Abstract
Accurate remapping strategies are critical components of coupled, multi-mesh climate problems. For high-resolution cases, the computational cost of remapping can become a severe bottleneck. The new remapping interfaces available in the Mesh Oriented datABase (MOAB) are being used in the E3SM v2 climate simulator.
For MPI-parallel solution transfer, source and target meshes must be distributed in a balanced way, while still minimizing the communication needed to compute the mesh intersection for conservative remapping. Typical approaches using independent partitions for component meshes do not necessarily align the geometric domains in a processor.

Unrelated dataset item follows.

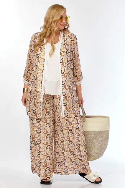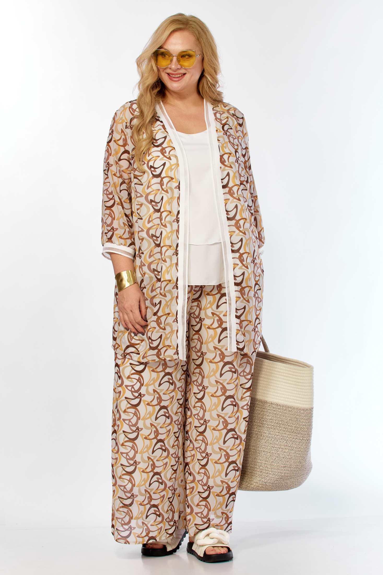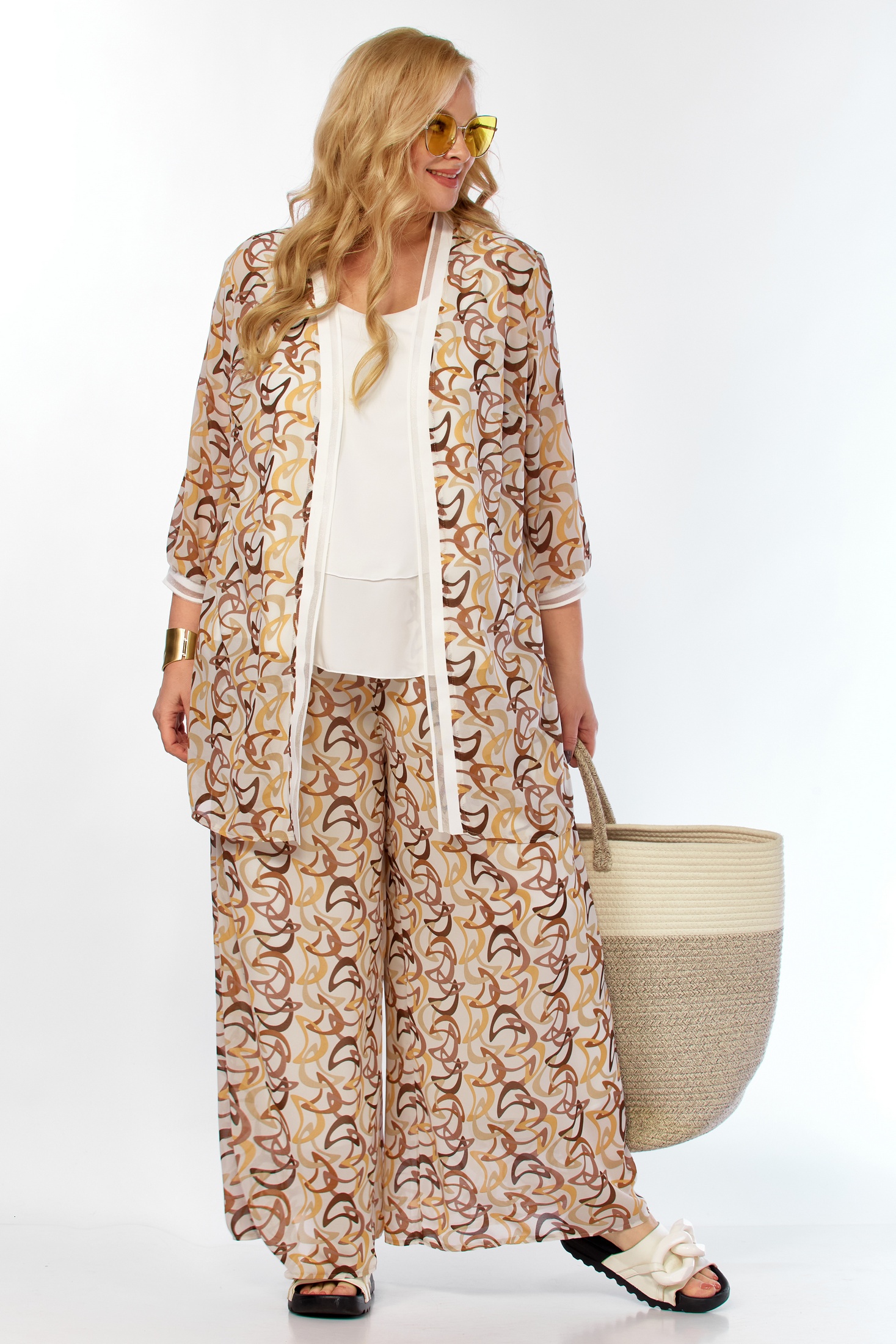 Костюм брючный 2335 песок Belinga — это идеальный выбор для стильных женщин. Коллекция бренда Belinga предлагает костюм из 100% полиэстера, что делает его лёгким и удобным для носки. Костюм состоит из трех предметов: кардигана с втачным рукавом и разрезами по бокам, брюк с резинкой на талии и двойной блузки без рукавов. Декоративные довязи на передней части и рукавах добавляют оригинальности. Летний комплект отлично подходит для прогулок, благодаря свободному крою и натуральным оттенкам. Комфортная посадка и карманы в боковых швах обеспечивают практичность. Песочный цвет и геометрический рисунок делают комплект привлекательным для любого случая.

We present geometric partitioning strategies with Recursive Coordinate Bisection (RCB) in the Zoltan library to accelerate computation of remapping weights at scale. We use a primary-secondary partitioning approach in which we generate a primary partition of one component using RCB and infer the other component’s partition from the primary partition. The resulting partitions assign elements in the geometric neighborhood of both meshes to the same processor, resulting in lower communication overhead. We also compare performance using full 3D partitioning of spherical meshes to using 2D Gnomonic projections for high-resolution model problems. The scalability of the approach, and further performance improvements when using task mapping for varying mesh resolutions and arbitrary process layouts will also be presented.